If my failure at packing in a timely manner wasn’t bad enough, at a crucial time I also temporarily forgot where I put the car key. (I’m seriously cursed when it comes to car keys; I have this nasty habit of putting them places where they become irretrievable for a time.) My mom was putting my winter coat into my suitcase—per my frustrated, teary eyed request—and asked if there was anything in my pockets. I rarely keep anything in my winter coat pockets, so I promptly responded, “No.” Wrong answer! Ordinarily this wouldn’t be a problem; we’d simply open the suitcase up and remove the key from said pocket. It was Friday the 13th though, so retrieving the key wasn’t so easy. The zipper got stuck and the clock was pushing 3:30am. Ergo, we DID NOT have time for this. After several minutes, the persistent threat of tears, and the power of teamwork, we succeeded.
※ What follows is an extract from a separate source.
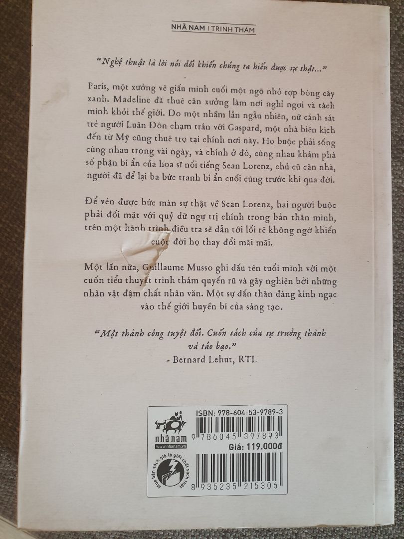 Dưới Một Mái Nhà Ở Paris “Nghệ thuật là một lời nói dối khiến chúng ta hiểu được sự thật…” Paris, một xưởng vẽ giấu mình cuối một ngõ nhỏ rợp bóng cây xanh. Madeline đã thuê căn xưởng làm nơi nghỉ ngơi và tách mình khỏi thế giới. Do một nhầm lẫn ngẫu nhiên, nữ cảnh sát trẻ người Luân Đôn chạm trán với Gaspard, một nhà biên kịch đến từ Mỹ cũng thuê trọ tại chính nơi này. Họ buộc phải sống cùng nhau trong vài ngày, và chính ở đó, cùng nhau khám phá số phận bí ẩn của họa sĩ nổi tiếng Sean Lorenz, chủ căn nhà, người đã để lại ba bức tranh bí ẩn cuối cùng trước khi qua đời. Để vén được bức màn sự thật về Sean Lorenz, hai người buộc phải đối mặt với quỷ dữ ngự trị chính trong bản thân mình, trên một hành trình điều tra sẽ dẫn tới lối rẽ không ngờ khiến cuộc đời họ thay đổi mãi mãi. Một lần nữa Guillaume Musso ghi dấu tên tuổi mình với một cuốn tiểu thuyết trinh thám quyến rũ và gây nghiện bởi những nhân vật đậm chất nhân văn. Một sự dấn thân đáng kinh ngạc vào thế giới huyền bí của sáng tạo. “Một thành công tuyệt đối. Cuốn sách của sự trưởng thành và táo bạo.” – Bernard Lehut, RTL

Beth messes up yet again (with a car key no less), and Mom saves the day because apparently at 23-years-old, I’m still not to be trusted with a car key if the vehicle’s owner is around.
As previously mentioned, this fiasco with the car key happened just before 3:30am. I wanted to leave closer to 2am or 2:30am. 3am was the latest I wanted to leave my hometown because my flight left at 5:50am and the drive to the airport is an hour and a half. Departing at 3:30am left me very little spare time before my flight. My mom, being the rock star mom she is, got me to the airport with almost an hour to spare, helped me check in my luggage, and saw me to security.
As I said before, “I literally wouldn’t be where I am right now” if it weren’t for her.
Everything above still doesn’t include my mom giving me free-reign to her car for almost a week, so I could come and go as needed and run all my errands; the fact that she scheduled my dentist appointment for me; that she’s willing to front the costs to ship me stuff that wouldn’t fit in my suitcases; and a dozen other things.
As I’ve hopefully and clearly illustrated above, if it weren’t for my mom being the fantastic, supportive person she is, I’m not sure how I would have completed all my packing and done everything that needed to be done in order for me to make it to South Korea. Even now that I’m in South Korea, she’s still being phenomenal by staying up late to track my flight until I landed and taking care of the leftover financial things in the States (taxes, final paycheck, etc).
I can’t thank my mom enough for everything she’s done. She knows how much it means to me to live abroad and she’s done more than her share to ensure that dream became a reality.